Copy the lines of the data below exactly, starting at the first and stopping after the line that contains "核算维度:如果不勾选使用核算"; include no pictures.

── INFORMATION SUPPLIED ──

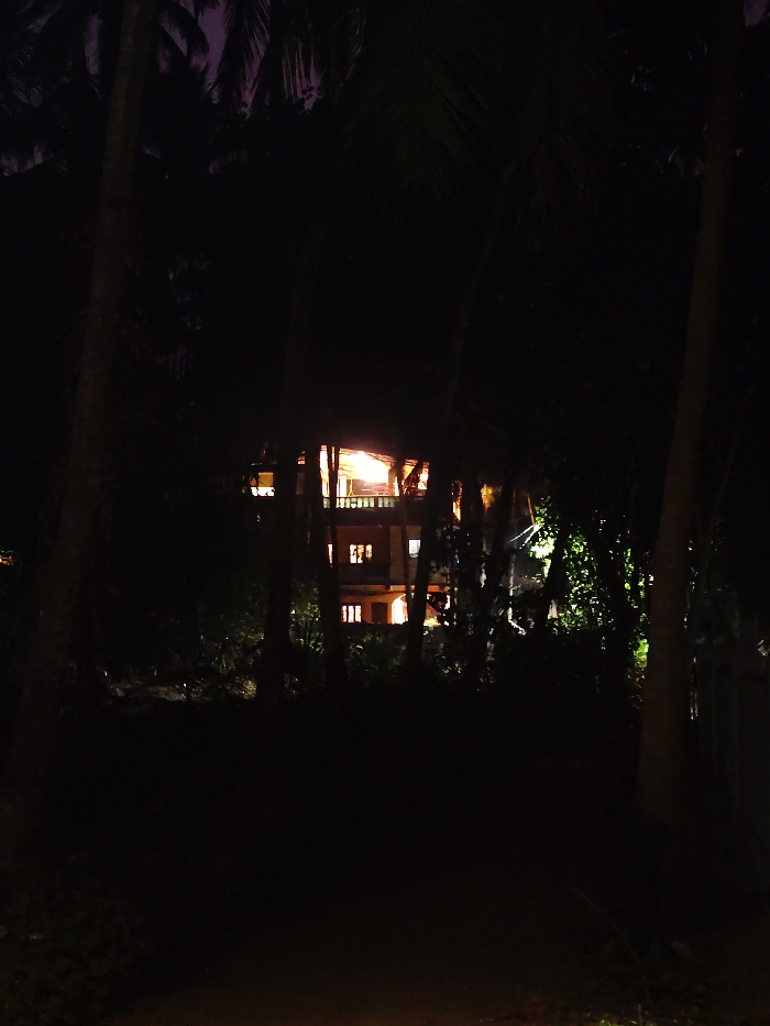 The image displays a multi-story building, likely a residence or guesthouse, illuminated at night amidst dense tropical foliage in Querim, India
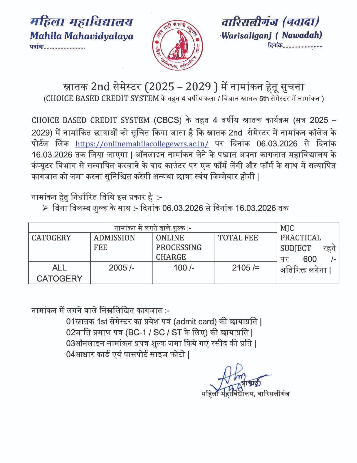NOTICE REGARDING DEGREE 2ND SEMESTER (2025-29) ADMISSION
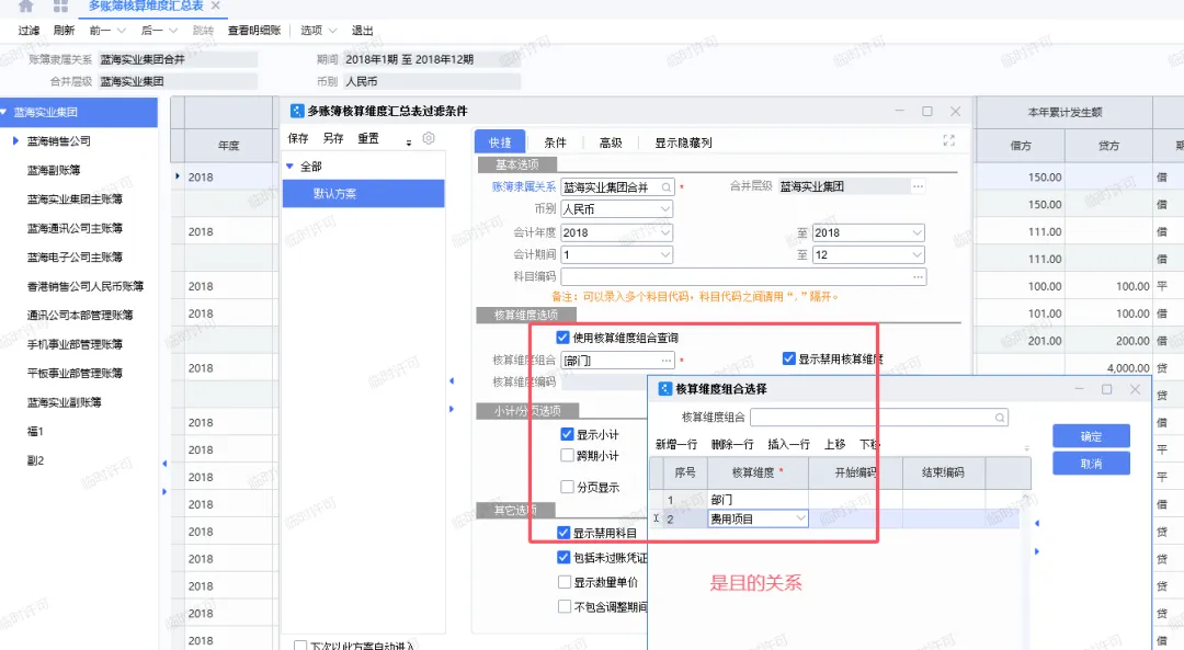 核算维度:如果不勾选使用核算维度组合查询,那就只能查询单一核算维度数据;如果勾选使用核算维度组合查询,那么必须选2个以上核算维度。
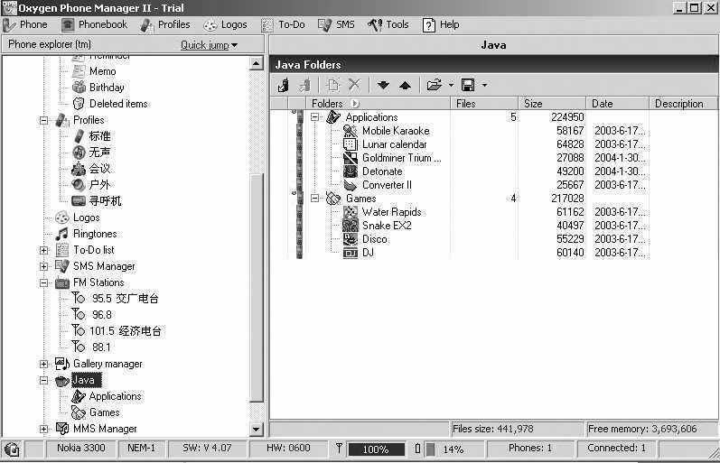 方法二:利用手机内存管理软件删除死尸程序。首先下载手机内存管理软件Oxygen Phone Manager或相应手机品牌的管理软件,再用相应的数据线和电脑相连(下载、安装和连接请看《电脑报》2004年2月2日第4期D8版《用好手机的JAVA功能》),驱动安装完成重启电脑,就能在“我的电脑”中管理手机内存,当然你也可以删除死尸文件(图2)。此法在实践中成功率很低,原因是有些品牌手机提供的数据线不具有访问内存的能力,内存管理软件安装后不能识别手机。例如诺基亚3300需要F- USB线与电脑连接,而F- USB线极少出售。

───

RESPONSE TO THIS TASK —
 The image displays a multi-story building, likely a residence or guesthouse, illuminated at night amidst dense tropical foliage in Querim, India
NOTICE REGARDING DEGREE 2ND SEMESTER (2025-29) ADMISSION
 核算维度:如果不勾选使用核算维度组合查询,那就只能查询单一核算维度数据;如果勾选使用核算维度组合查询,那么必须选2个以上核算维度。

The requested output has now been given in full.